More on filing notice to creditors correctly: 6 Steps to Filing Notice to Creditors
How to Prevent Liability: File notice to creditors as soon as you are able
Scenario #4 - Insolvent Estates and Incorrect Payments
Another case of potential liability is if you are managing an insolvent estate, a.k.a. an estate that does not have enough money to cover all taxes and debts. If this is the case, beneficiaries will not be receiving any inheritances unless a particular asset or fund passed outside of probate, or was considered a non-probate asset.
The risk with insolvent estates is paying off debts and taxes in the wrong order. For example, in some states medical debt may get higher priority than credit card debt. So if you pay off credit card debt and run out of money for medical debt, you could be liable.
Insolvent estates are really tricky. If you are settling an insolvent estate with a complex debt structure, you should hire a probate attorney and/or accountant. It’s not worth the trouble not to. At the very least, consult with some so you can get a professional read on your situation.
How to Prevent Liability: File notice to creditors early, hire a probate attorney, and pay close attention to the order of distributions in the relevant jurisdiction.
Tips for Reducing Your Risk of Liability
Here are a few other tips on making sure you aren’t on the hook as the executor.

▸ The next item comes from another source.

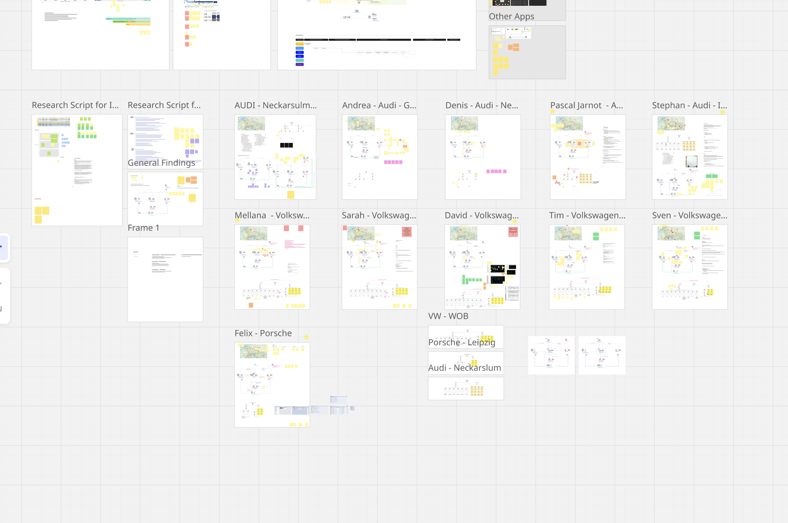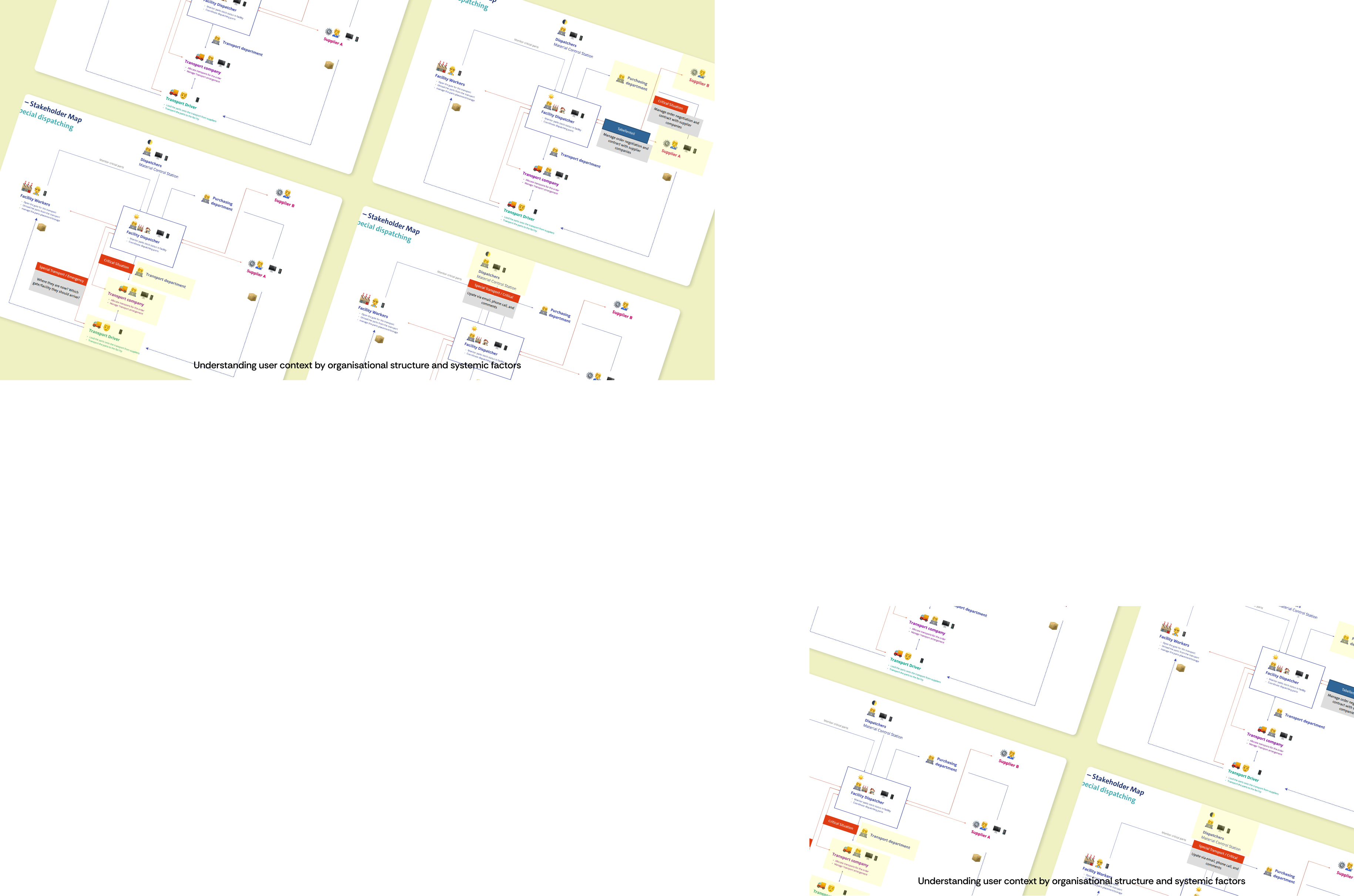 We asked multiple questions about their daily process and digital and physical touch points in identifying part situation and shadowed their daily work over three days. Afterwards, we sat down and mapped their work processes and visualised the stakeholder map in Miro.

- Avoid or abridge probate if possible
- If you ever feel over your head, consult or hire a probate attorney
- Never distribute inheritances early
- If the estate is insolvent, get help
- File notice to creditors as early as possible and set a date in the calendar when you know you are able to move forward
- Conduct all business through an estate account
- Track all executor expenses and use thorough documentation
Half of the battle of being an executor is knowing what to do and when
Once you have the understanding of the general estate settlement process and a list of executor duties/responsibilities, all you have to do is check the next thing off your list. Having this north star during estate settlement reduces the chances of you being liable for estate debts and makes the whole process feel much simpler.